Argonne
Leadership Computing Facility, Argonne National Laboratory, Argonne, Illinois 60439, United States
Department
of Biochemistry and Molecular Biophysics, University of Chicago, Chicago, Illinois 60637, United States
Laboratory
of Computational Biology, National Heart, Lung and Blood Institute, National Institutes of Health, Bethesda, Maryland 20892, United States
Center
for Nanoscale Materials, Argonne National Laboratory, Argonne, Illinois 60439, United States
Computational
Institute, University of Chicago, Chicago, Illinois 60637, United States
Machine learning (ML) techniques with the genetic algorithm (GA) have been applied to determine a polarizable force field parameters using only ab initio data from quantum mechanics (QM) calculations of molecular clusters at the MP2/6-31G(d,p), DFMP2(fc)/jul-cc-pVDZ, and DFMP2(fc)/jul-cc-pVTZ levels to predict experimental condensed phase properties (i.e., density and heat of vaporization). The performance of this ML/GA approach is demonstrated on 4943 dimer electrostatic potentials and 1250 cluster interaction energies for methanol. Excellent agreement between the training data set from QM calculations and the optimized force field model was achieved. The results were further improved by introducing an offset factor during the machine learning process to compensate for the discrepancy between the QM calculated energy and the energy reproduced by optimized force field, while maintaining the local “shape” of the QM energy surface. Throughout the machine learning process, experimental observables were not involved in the objective function, but were only used for model validation. The best model, optimized from the QM data at the DFMP2(fc)/jul-cc-pVTZ level, appears to perform even better than the original AMOEBA force field (amoeba09.prm), which was optimized empirically to match liquid properties. The present effort shows the possibility of using machine learning techniques to develop descriptive polarizable force field using only QM data. The ML/GA strategy to optimize force fields parameters described here could easily be extended to other molecular systems.
中文翻译:
已应用具有遗传算法(GA)的机器学习(ML)技术来确定极化力场参数,仅使用从MP2 / 6-31G(d,p)分子簇的量子力学(QM)计算得出的从头算数据,DFMP2(fc)/ jul-cc-pVDZ和DFMP2(fc)/ jul-cc-pVTZ的水平来预测实验的冷凝相性质(即密度和汽化热)。
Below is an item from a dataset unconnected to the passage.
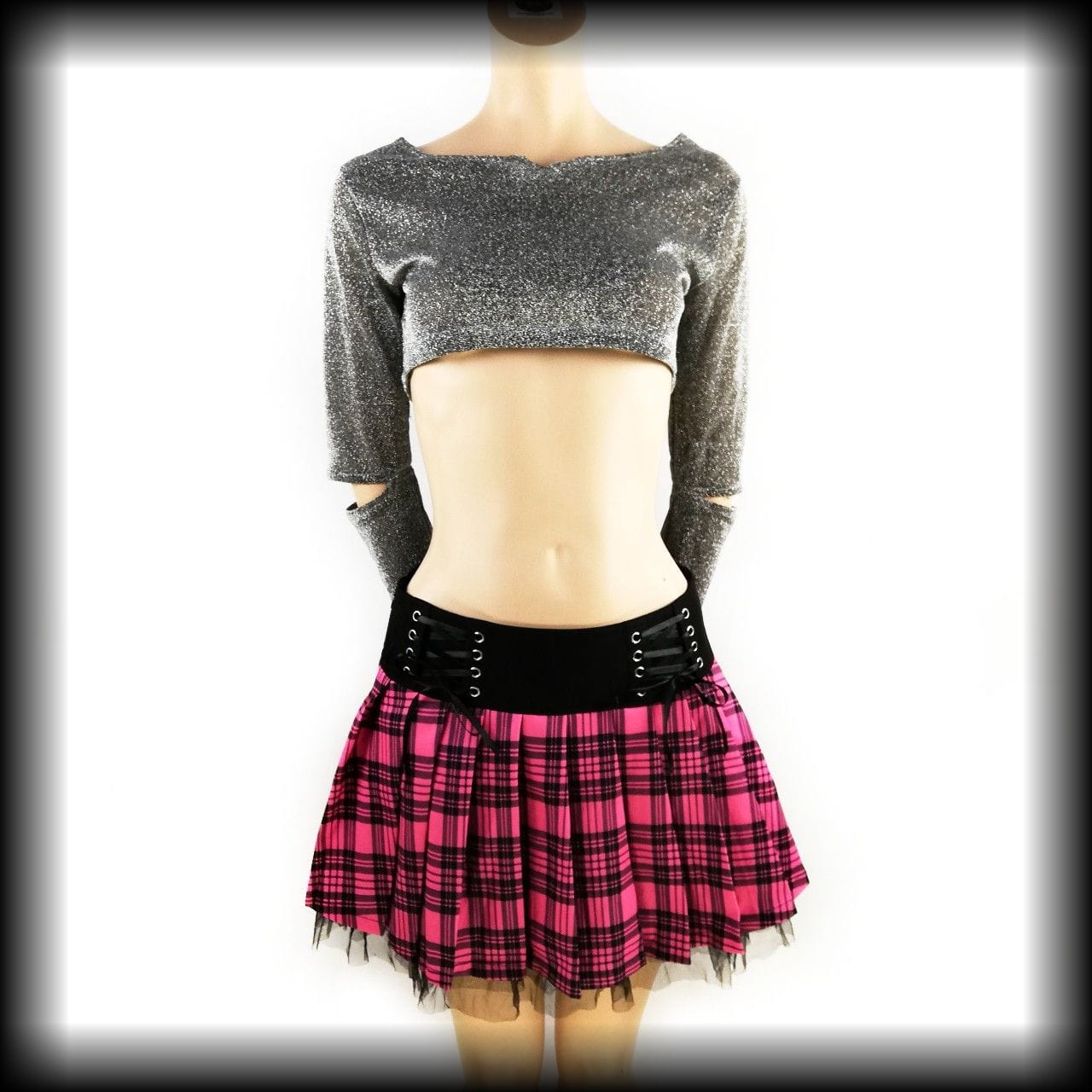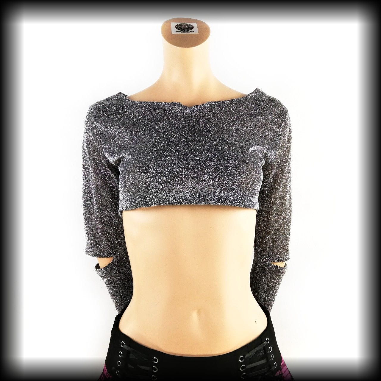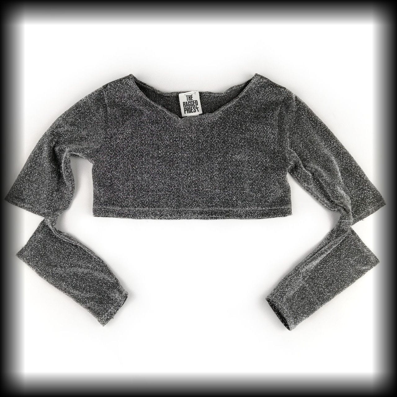 Srebrna bluzka typy crop top z długimi rękawkami. Pełna brokatu i lekko transparentna

ML / GA方法的性能在甲醇的4943二聚体静电势和1250簇相互作用能上得到了证明。通过QM计算获得的训练数据集与优化的力场模型之间实现了极好的一致性。通过在机器学习过程中引入补偿因子来补偿QM计算出的能量与优化力场所产生的能量之间的差异,同时保持QM能量表面的局部“形状”,从而进一步改善了结果。在整个机器学习过程中,实验可观察值不涉及目标函数,而仅用于模型验证。从DFMP2(fc)/ jul-cc-pVTZ级别的QM数据优化的最佳模型似乎比原始AMOEBA力场(amoeba09.prm)表现更好,后者根据经验进行了优化以匹配液体特性。当前的工作表明了使用机器学习技术仅使用QM数据来开发描述性可极化力场的可能性。